By solving the above two engineering problems, it is further verified that the SCAGTO algorithm can find a better solution in the actual engineering problems, which has a high value of engineering applications.

Conclusions

In this paper, an improved artificial gorilla troop optimization algorithm (SCAGTO) that combines the sine–cosine algorithm and the Cauchy variant is proposed. To overcome the problem of gorilla stasis in the later stages of the search caused by insufficient population diversity, a refractive backward learning mechanism is introduced in the population initialization. Additionally, a positive cosine mechanism, a nonlinear decreasing search factor, and a weight factor are added to the gorilla discoverer's position to better address the shortcomings of the AGTO algorithm in balancing global and local optimization. Cauchy's variation in the gorilla follower is utilized to mutate the current optimal individual, thereby expanding the feeding range of the gorillas and consequently enhancing the global optimization accuracy and speed of the AGTO algorithm. The SCAGTO algorithm is examined using 30 classical test functions and compared in terms of convergence speed and accuracy tests with other algorithms and the latest gorilla algorithm improvement strategies. The results indicate that the Gorilla search algorithm, which incorporates positive cosine and Cauchy variants, exhibits enhanced performance in global optimization and local exploitation, thereby validating the effectiveness and reliability of the improvement strategy.

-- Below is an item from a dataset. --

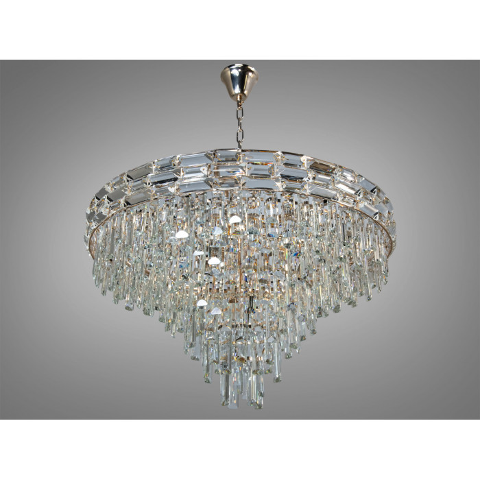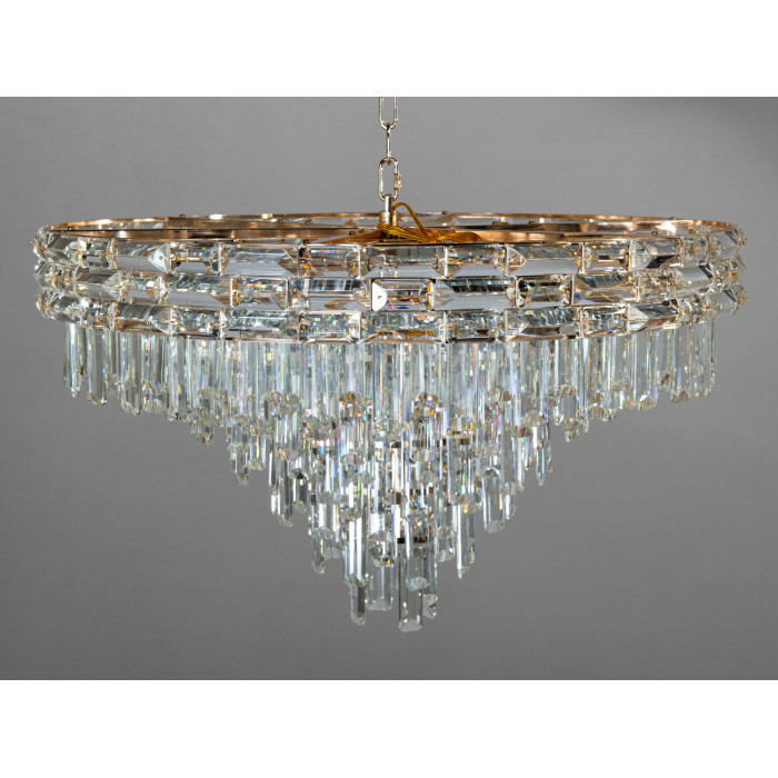- Багаторівневі підвіси з прозорих кришталевих призм формують конус, що розсіює світло в усі боки.

The simulation experiments employ higher-dimensional benchmark functions to test the optimization performance of the improved algorithm, while other improved SCAGTO algorithms and popular algorithms are selected for comparison. The experimental results reveal that SCAGTO demonstrates better convergence speed and accuracy for different types of test functions, showcasing a certain degree of competitiveness and stability. Finally, we verify the practical problem-solving capabilities of the improved algorithm through two classical engineering design problems, namely, pressure vessel optimization and welded beam design. The results show that SCAGTO can be applied to solve practical problems and holds promise for engineering applications. The SCAGTO algorithm exhibits certain advantages in optimizing the pressure vessel design problem and the welded beam design problem, confirming the superior optimization capabilities and engineering practicality of the SCAGTO algorithm. However, the introduction of SCAGTO inevitably leads to an increase in running time. Therefore, the future work direction is to make continuous improvements on the existing basis, ensuring optimization performance while reducing running time overhead and enhancing computational efficiency. Secondly, SCAGTO can be applied to multi-objective optimization and further explored in conjunction with practical problems. The follow-up work considers the in-depth application of SCAGTO to other mechanical process optimization designs for the resolution of practical problems.